How were you able to offset your bills in France?
My sister, Akinyanjuola, gave me money. I had a cousin, Mr Moses Akinterinwa. I think he had about 35 pounds in his account and he was then the UBA branch manager at Idumota. I went with my sister to inform him that I wanted to buy traveler’s cheque. It was 100 pounds, so, Mr Moses Akinterinwa called his secretary and he asked her to give me 20 pounds out of his 35. I had been saving money. I had a friend who introduced me to a relation of his friend, Professor Aje, who was the Director, Nigerian French Language Institute. He was there at the University of Kant in France. So, he was supposed to travel back to France. He introduced me to him and we traveled together and then, he took me to YMTA, assisted me and gave me money. That was how all the sources were put together from here and there.
What were your experiences in France?
French people are generally good. The policies of government may not be. Why do I say that?
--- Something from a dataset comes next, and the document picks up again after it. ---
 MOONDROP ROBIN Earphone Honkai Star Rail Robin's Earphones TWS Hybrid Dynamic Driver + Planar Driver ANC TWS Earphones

My success today is partly as a result of the goodness of the French people. They have sympathy. I used to work as a concierge, caretaker of a building, cleaning and taking dustbins out and the Mayor of the house used to be there. He was very young, but I was cleaning his house. But some people would insult me- you didn’t clean this place, you won’t come on time all along, I didn’t like it. We had Rune Kessman, who was the chairman of the estate. He discovered one day that the Television people came to look for me, asking what was wrong. I told him that the son was a classmate and they wanted to take my notes since we were preparing for examinations. And then, the issue was that because of my language proficiency that I was working on. Then, Kressman asked if I was going to school. I said yes. They didn’t believe. I told him the name of the university I was going to and he said enough of that because the school was not for everyone. When I told him I would be defending my PhD thesis in five months, he held a meeting of the co-proprietors of the house, and at the end of the day, they told me that they didn’t want to keep me working there. They helped me. There was nothing they didn’t do but our own Embassy in Nigeria employed me as Embassy Translator. The Embassy was there when I defended my thesis. The moment they discovered I was going to school and I had my wife and two children in one room, they said it was not fair. They apologised to me. The French people do not discriminate the way they do in United Kingdom. A student is a student. They won’t say foreign students should pay a different amount of money.
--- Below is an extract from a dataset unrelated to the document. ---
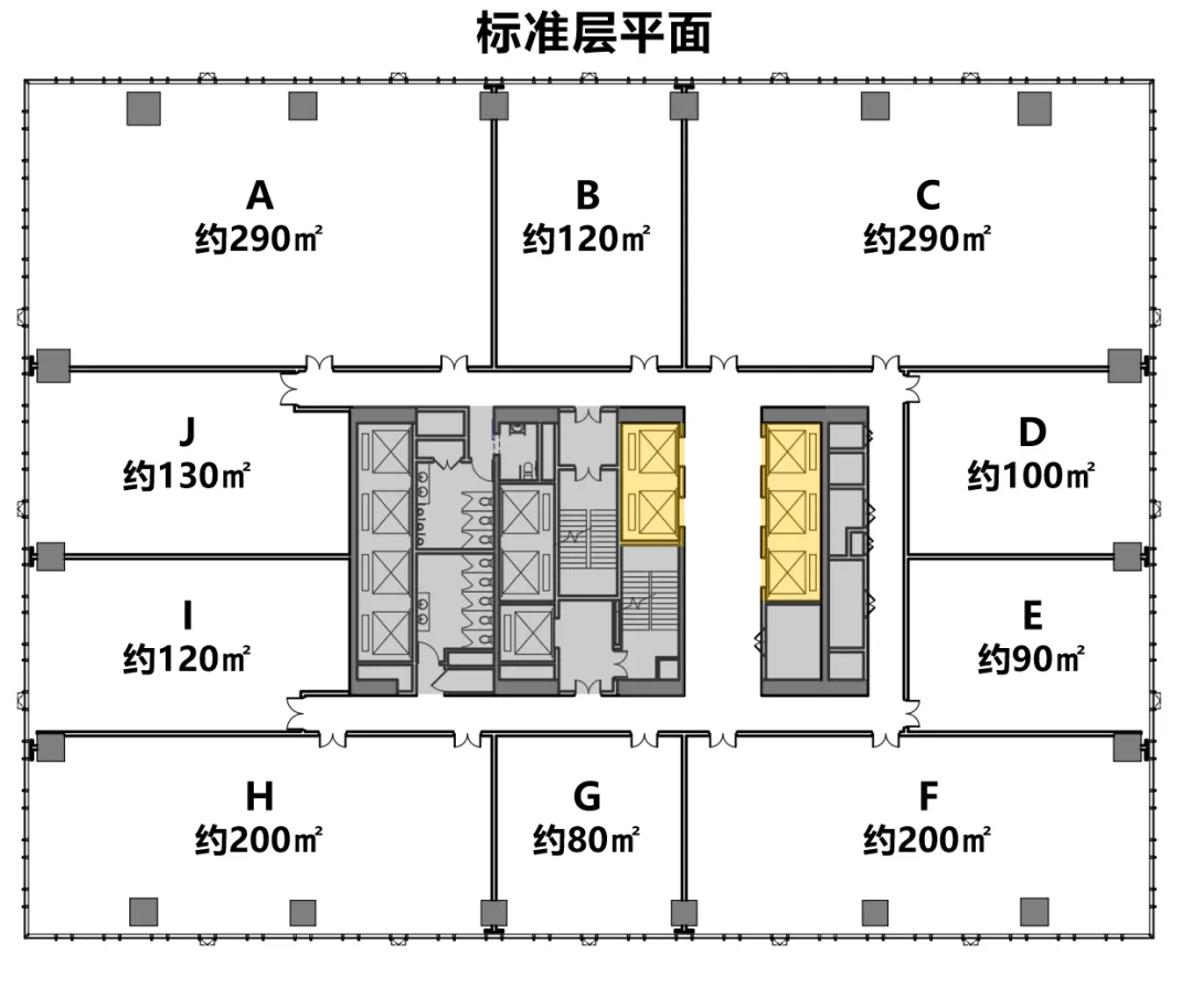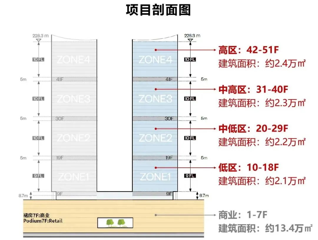 客梯数量:高区6部,中高区5部,中低区4部,低区3部

From whom did you take most of your traits between your parents?
I think it is both. My father had a lot of landed property. He was rich and there was no problem about that. Why he was unable to pay was that a cousin of his, without telling him, used his house as a mortgage to take a loan in Ilesha. He didn’t tell my father. He was into business. So, his business collapsed. The people who were working with him stole a lot from his exports. Now, his father was referred to court by his creditor, who came to my father’s house to seize it. But when the court gave that order, he met my father in front of his house and said they had a court order that everybody should pack out. My father said, “in my own house? Pack out from where?” They said they had one order but my father said he didn’t know about any order. So, what happened was that as they were going in to enforce that, my father had a scuffle between him and those people. My father threw him downstairs from the window. So, they now charged my father for assaulting law enforcement agent and that was 62/63. So, all resources, revenue were diverted to the prosecution of the matter. So, my mother was now left alone to find solution to the funding of my education. But when my father even died, I inherited all those things at the end of the day. I inherited extended Cocoa plantation. I am in charge of the land. I gave four plots to the Police, four plots to immigration, four plots to Civil Defence, four plots to Post Office in the community in Ondo.
How did you get your father’s property back?
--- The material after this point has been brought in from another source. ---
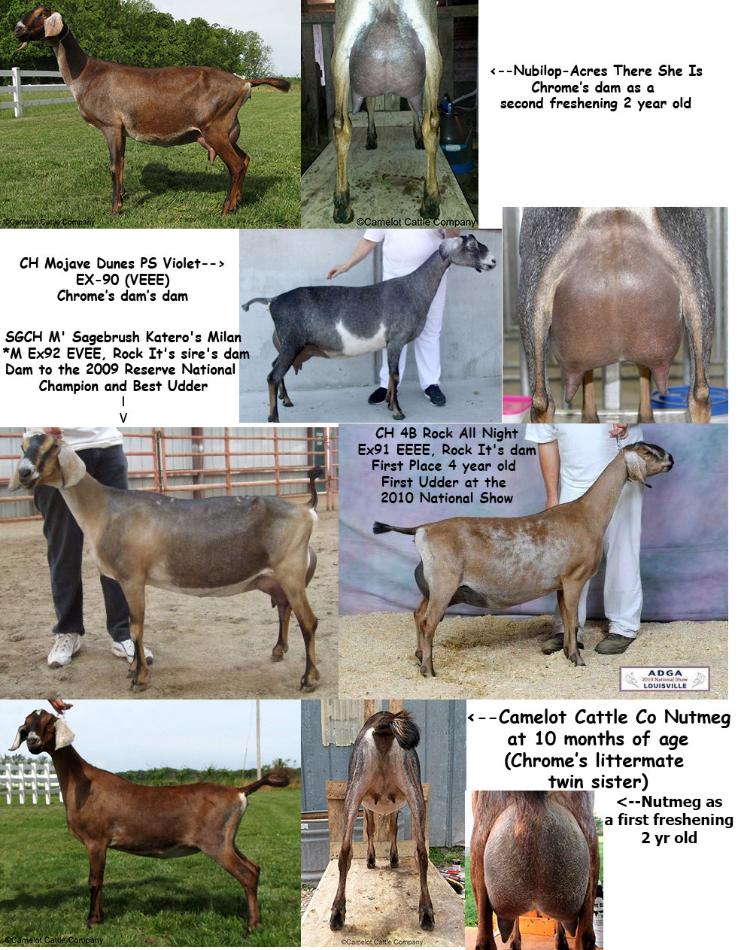 Chrome's littermate twin sister, Camelot Cattle Co Nutmeg, freshened as a 2 year old with a beautiful, productive udder. Nutmeg's owner says, "Nutmeg freshened for the first time in March [2016] with triplet doelings. She is doing an outstanding job, feeding them, and sharing with me as well! Nutmeg is a laid back, easy keeper, but obviously hardworking. I can't say enough good things about this doe."

When they went to court in Ilesha, they discovered that they have never seen this face before. My father’s relation, who signed the agreement all along, was not even living in our house by the time he came. He used to have a room and a parlour by the time he used the house as a collateral. But by the time the business ran into hitches and there was a court order, he was not living with us. So, when the police came and they asked for the owner of the house and they pointed to my father. That was how they said they wanted to arrest him. When he was taken to the court, they discovered that this identity is not the same thing. They later discovered that they arrested a wrong person and our lawyer had to say yes of course but it is normal for him to have acted the way he did because he knew nothing. He was just a witness. He now said ‘this house belongs to me, I built it.’ It did not belong to his relation. They asked if he knew him and he said “yes.” “But didn’t he tell you that he was using your house?” He said “no.” So, on the basis of attachment of the house that one was removed. But the issue now was that he threw the policeman from the first floor of the building to the ground floor.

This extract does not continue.